There was an audible gasp, which Brooke chose to ignore in favor of keeping things on her favorite subject: herself.

“I just don’t trust this person,” she continued. “The girl obviously hasn’t had a manicure in weeks. Nobody is that regular.”

“So you think the tragic dead mom is a scam?” Jennifer asked, her interest in melodrama overpowering the perceived insult to her résumé.

“Not really. But look how far Daddy’s pity has gotten her. She has to be up to something and I bet she won’t stop at crashing my party.”

“So what now?”

“I have a plan. Don’t I always?”

“You are an evil genius,” Jennifer agreed.

“Right? If only that were a section on the SATs.” Brooke sighed. “Okay, I have to run; I think the stress of dinner gave me crow’s feet that I should moisturize.”

“Stay strong,” Jennifer urged.

Brooke hung up the phone and threw it onto the pile of gossip magazines that sat on her floor. Brick’s face grinned up at her from the corner of one of the covers. She kicked at his expensively whitened mouth, creasing his incisors.

“Take that, Sperminator,” she muttered.

She’d exaggerated her confidence with Jennifer. It had taken considerable effort to be friendly to Molly at dinner, and Brooke wasn’t sure how long she could maintain the facade, even for Brick’s benefit. Sooner or later, lines had to be drawn. This was Brooke’s domain and she refused to cede territory to a dusty visitor from Planet Yawn.

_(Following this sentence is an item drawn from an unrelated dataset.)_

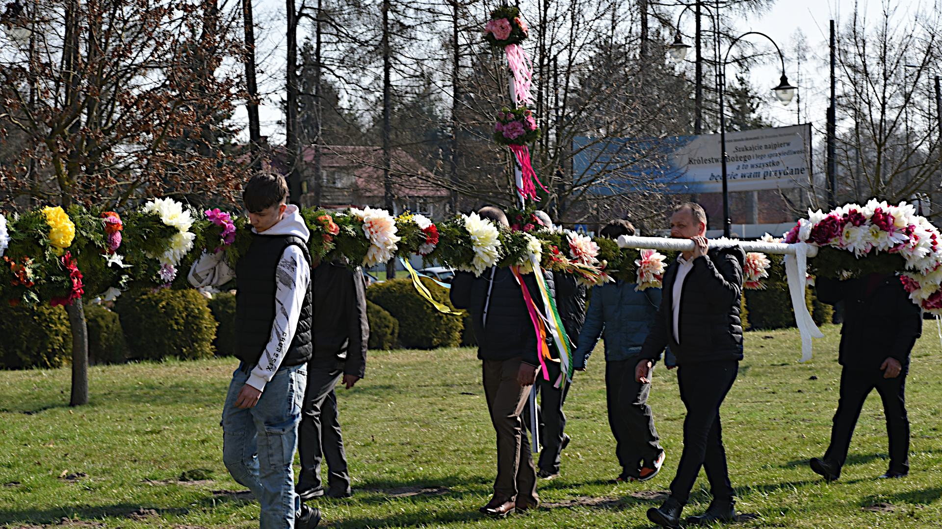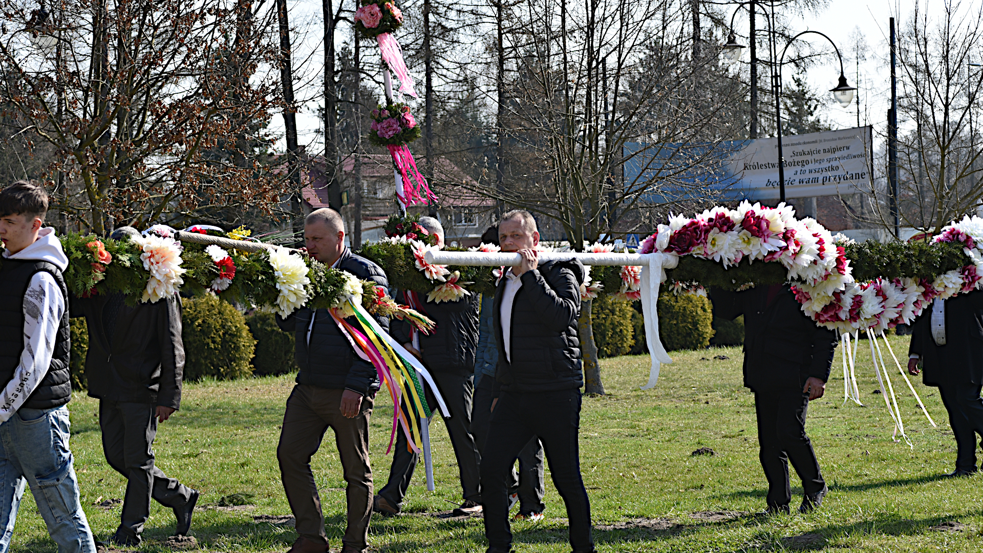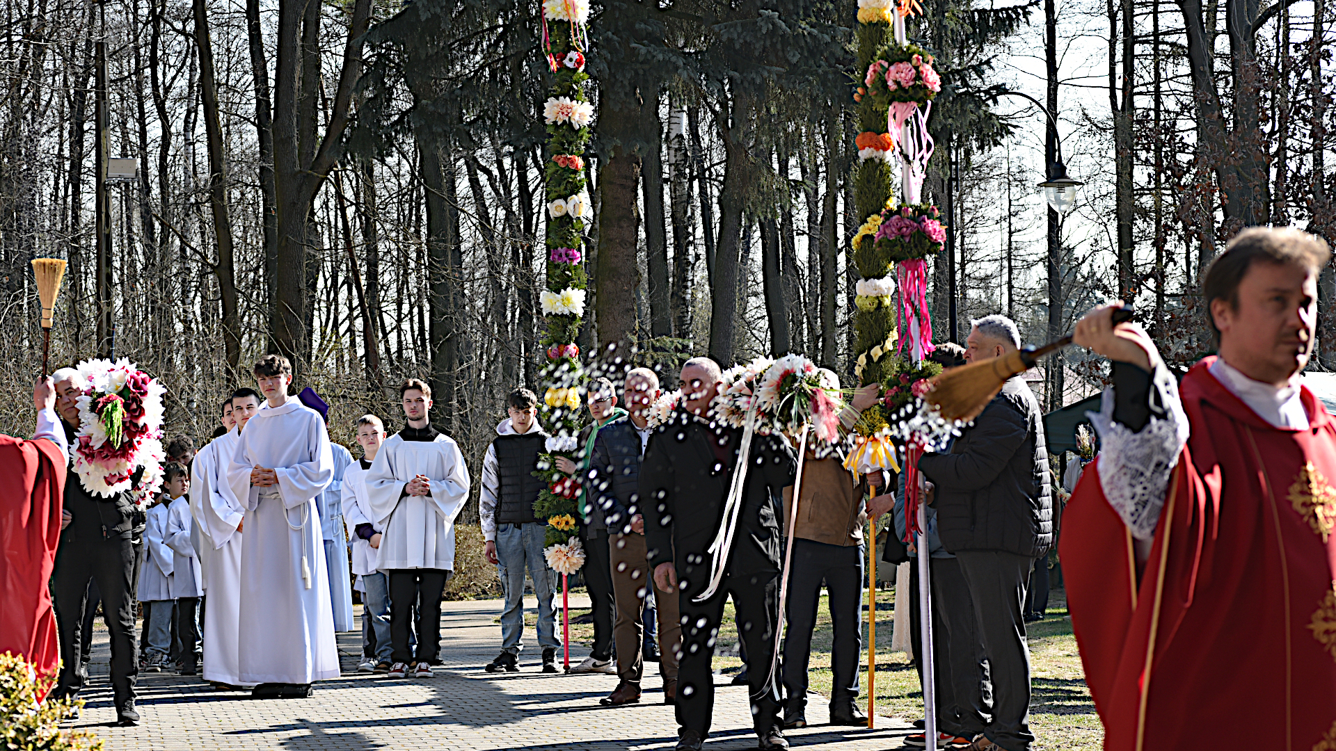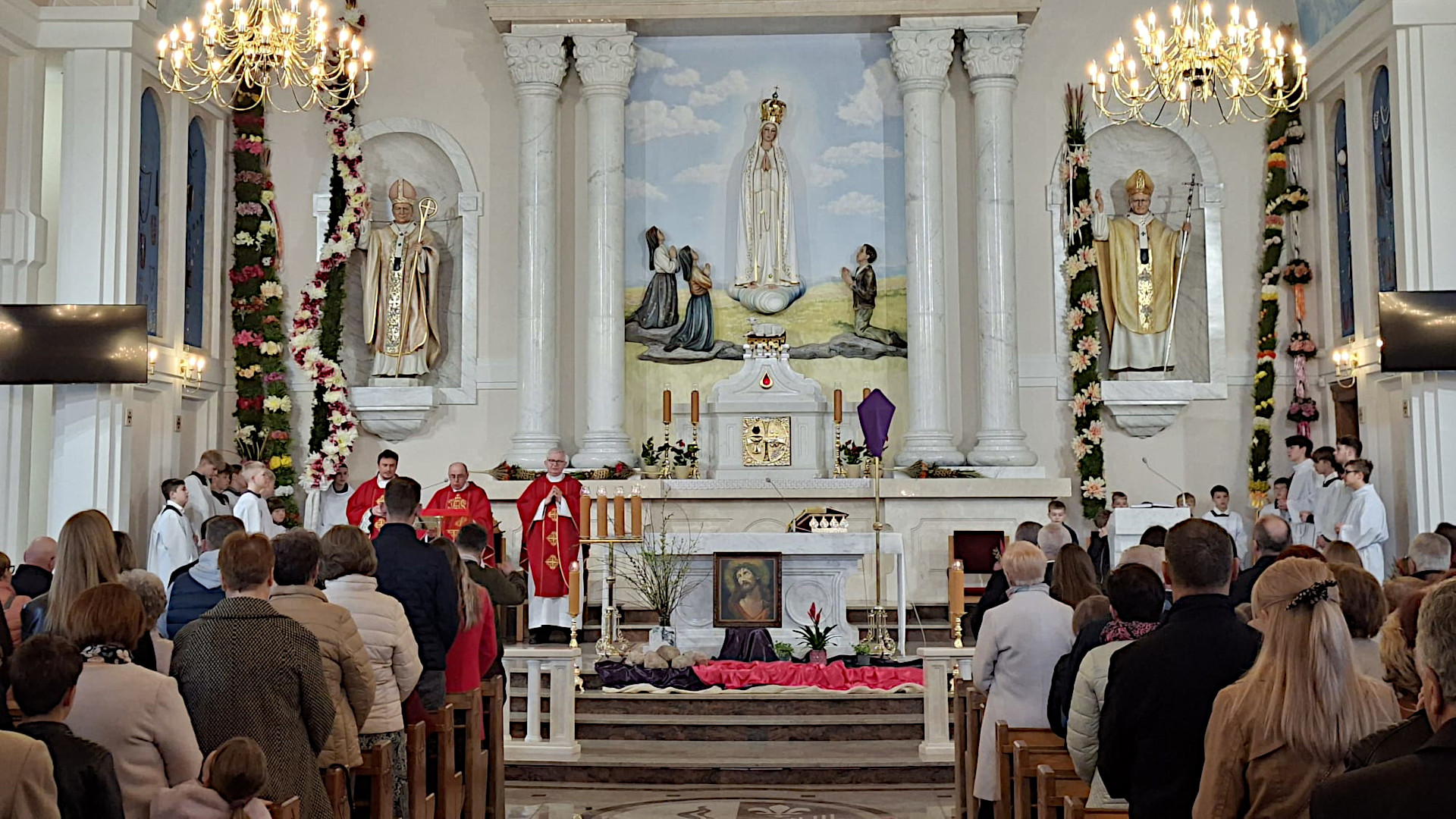 W sanktuarium uroczysta procesja upamiętniająca to wydarzenie wyruszyła od ołtarza fatimskiego do kościoła o godz. 10.00. Tradycją już stało się przygotowywanie przez poszczególne sołectwa parafii okazałych kilkumetrowych palm, które po wniesieniu do świątyni zdobią ścianę głównego ołtarza. Oczywiście wszyscy (prawie wszyscy) uczestniczący w procesji nieśli swoje, mniejsze, ale również okazłe palmy. Dla uczczenia Jezusa, Króla wszechświata i naszego Zbawiciela.

Brooke needed to recharge, which meant spending some quality time in her sanctuary: her walk-in closet. She perched on the velvet stool next to her vanity and stared at the racks of designer dresses, gleaming pumps, and towers of archived shoe boxes. Bliss. She caught her own eye in the nearest of her four full-length mirrors and cocked her head. Usually, Brooke loved what she saw: tall, thin, naturally golden blonde. Being her mother’s clone had definite perks. But it hadn’t escaped her that Molly seemed to share Brick’s athletic build, bits of his smile, maybe even his hair color. No matter how long Brooke studied herself, she couldn’t find any trace of Brick except that they used the same shade of bronzer. Her prickles of resentment became full-on stabbing pains.

She shook her head. Negative thoughts wouldn’t do. She had to focus. If Brooke played these next few days right, her graceful, generous attitude would have Brick and Molly so thoroughly in the palm of her hand that they wouldn’t notice the knife in her other fist.

Buoyed, Brooke fluffed her hair and allowed herself to smile. She could do this. After all, she was Brooke Berlin, dammit. She was an actress—no, an Actress, capital A—and she would nail this role.